Durante el tratamiento, a Henrietta se le habían extraído varias muestras de tejido tumoral. El doctor George Gey descubrió asombrado que aquellas células, bautizadas como HeLa, seguían multiplicándose de manera permanente mientras que las de los cultivos convencionales morían al poco. Un horizonte maravilloso se había abierto para la investigación médica.
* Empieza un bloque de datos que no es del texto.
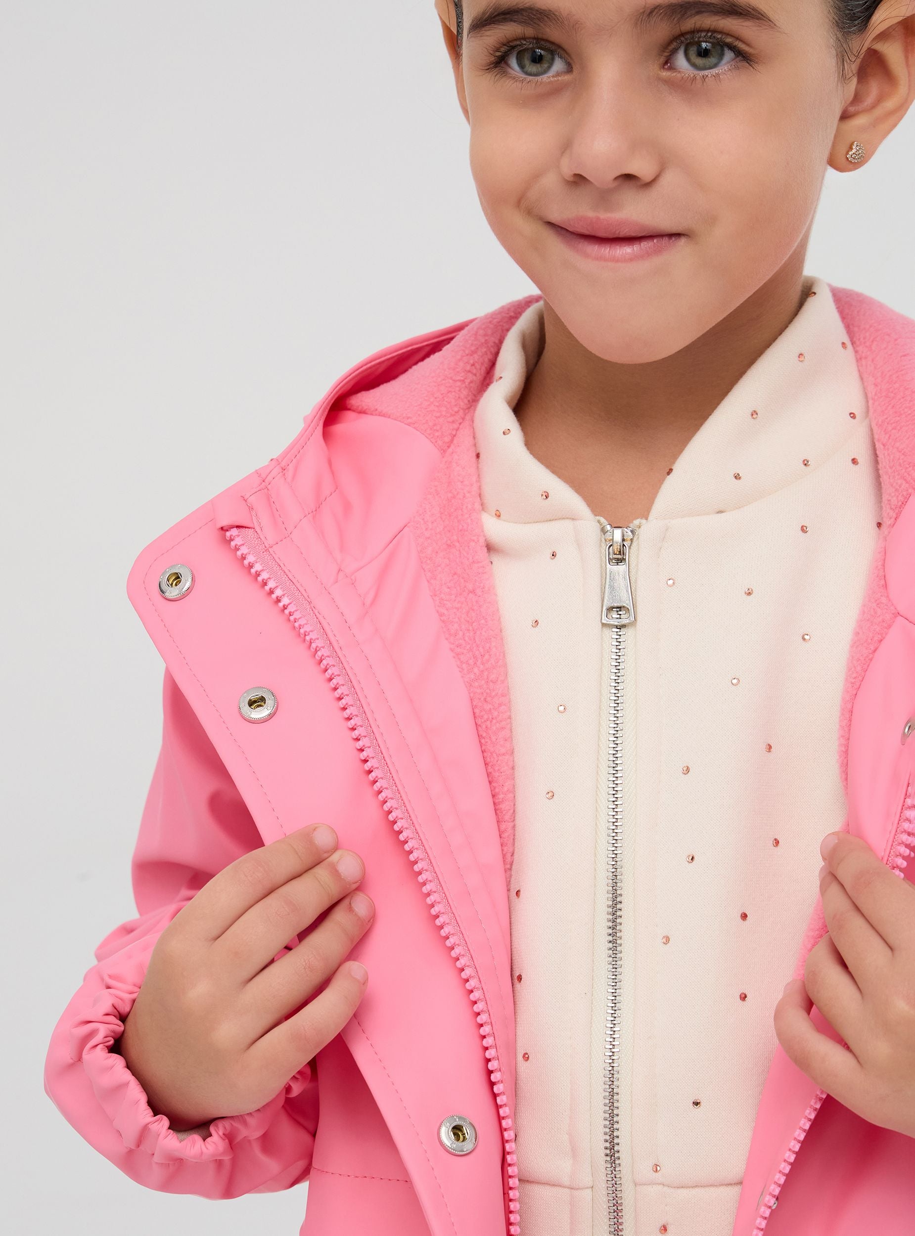 Technická bunda pro dívky odolná vůči vodě, nabízí účinnou ochranu proti větru a dešti, ideální pro zimní období. Vnitřek bundy je podšitý fleecem, aby zaručil teplo a pohodlí i v nejchladnějších dnech. Bunda má pohodlnou kapuci, která je ideální pro ochranu před nepřízní počasí. Má přední zapínání na zip a patentky a je vybavena prostornými bočními kapsami na uložení drobných předmětů. Manžety jsou elastické, aby se zabránilo pronikání studeného vzduchu. Díky svému funkčnímu a odolnému designu je tato bunda ideální pro doprovod vaší dívky na jejích dobrodružstvích venku během zimy.Detaily
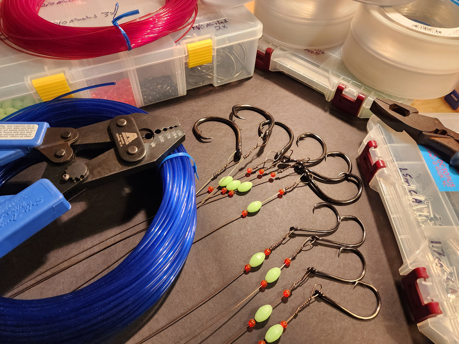Albatross rigs are hand-tied in Maryland and tested in the Outer Banks. They have been refined over time. Haywire twists are tied by hand, without the use of a haywire tool. All hooks on Albatross surf rigs are snelled, with exception of crimped rigs. Components are of high quality and assembled with an attention to detail.
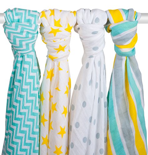 -. Title : Zig Zag Kid Premium 4 Pack Muslin Swaddle Blankets - 47x47 Large Soft 100% Cotton Baby Blankets For Boys and Girls
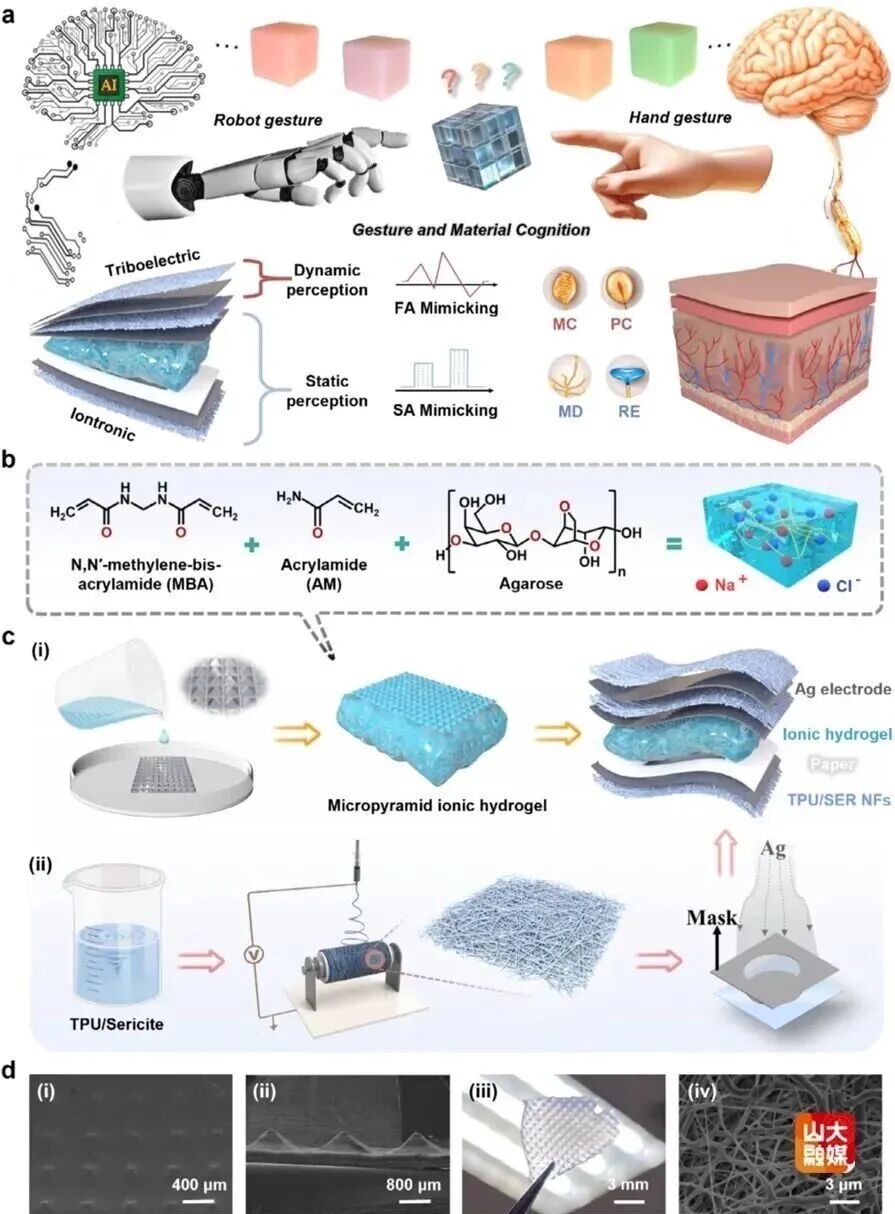 近日,山东大学集成电路学院李阳教授团队在国际期刊 Advanced Science发表题为“Bio-Inspired SA-FA Bionic Dual Receptor Electronic Skin for Intelligent Gesture and Material Cognition Systems Enhanced by Static-Dynamic Mutual Interaction” 的长篇研究性论文。该论文创新地提出了一种仿生SA-FA双受体(BDR)电子皮肤,通过静态-动态互作增强机制深度融合SA与FA的功能特征,在单一器件中实现了稳定压力检测与快速瞬态响应的统一,为电子皮肤跨入“认知级”发展奠定了基础。该电子皮肤由两部分构成:离子水凝胶微金字塔结构单元(仿SA受体),具备线性灵敏度高达172 kPa⁻¹(30 kPa范围)、响应/恢复时间仅11.2 ms、检测下限低至0.5 Pa;静电纺丝TPU/绢云母纤维摩擦电单元(仿FA受体),具有优异的自供能特性和材料识别能力。
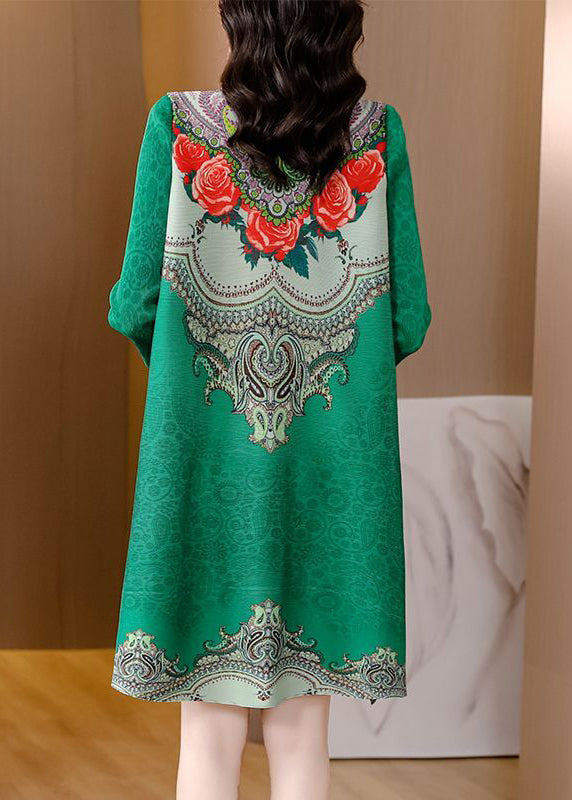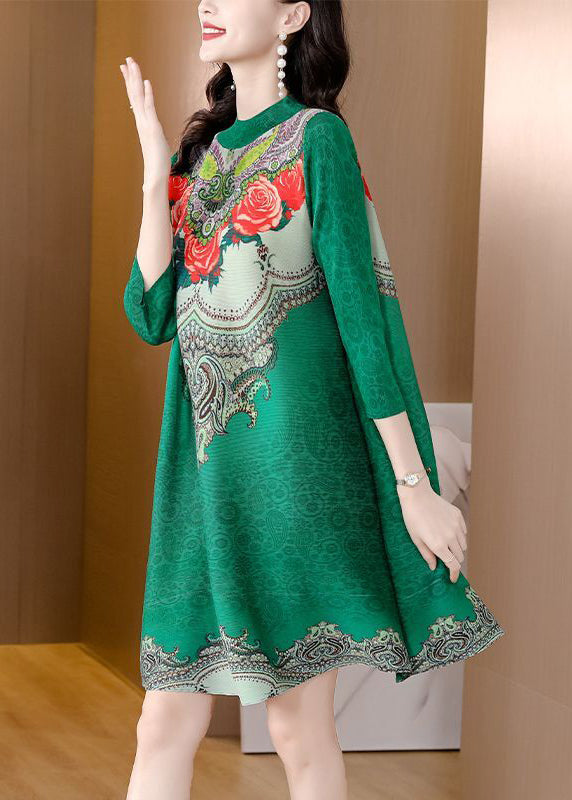 Women Purple Stand Collar Print Wrinkled Holiday Dress Bracelet Sleeve
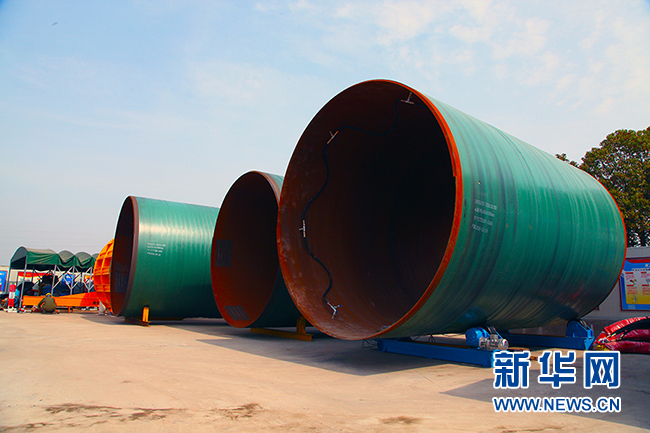 圖為黃浦江上游水源地連通管工程C5標(biāo)段項目部場地內(nèi)置放的鋼管。
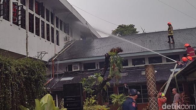 Hujan yang mengguyur Balai Kota Bandung juga belum mampu memadamkan api yang berkobar. Sementara, petugas Diskar PB Kota Bandung sudah tiba di lokasi sekitar pukul 11.00 WIB.
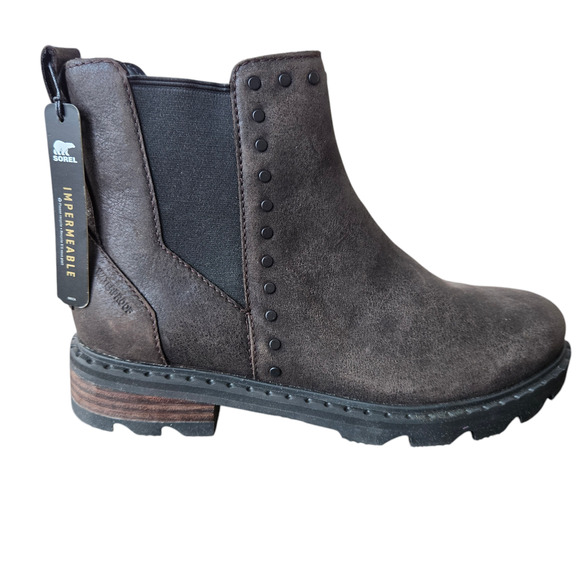Trimmed in studs and sporting a classic Chelsea stretch, the Lennox booties by Sorel dress up or down with adventurous sophistication.

En estos 70 años, las células HeLa se han distribuido por laboratorios de todo el planeta. Han servido para probar vacunas como la de la polio. Han permitido estudiar los efectos de toxinas, medicamentos, hormonas y virus sin necesidad de usar a personas como cobayas. Han viajado al espacio para ser empleadas en experimentos. Se están utilizando en este mismo instante en la lucha contra el COVID-19.

Henrietta sigue viva. Lo están sus células, cuya proliferación precisamente se incluye como definición de la vida. Henrietta ha impedido muertes y ha aliviado pesares. Ha visitado lugares que ni siquiera soñó. Se ha asomado a las estrellas. Si alguna existencia ha resultado útil, si alguna en verdad ha respondido a un propósito más grande que ella misma, es la suya.

La inmortalidad de Henrietta, más allá de la trampa de estar ligada a quienes la conservan, tiene su fáustica letra pequeña. Ella no concedió permiso para que manipulasen sus tejidos –en la época se consideraban prácticamente un desperdicio–. Décadas de batalla judicial apenas han devuelto a su familia un mínimo control y reconocimiento. Henrietta, que fue pobre, ha sido comercializada como un producto del que otros se han beneficiado; ella, descendiente de esclavos, habita encadenada a placas de Petri. Su eternidad es el cáncer que la devoró. Quizá hubiera elegido la nada.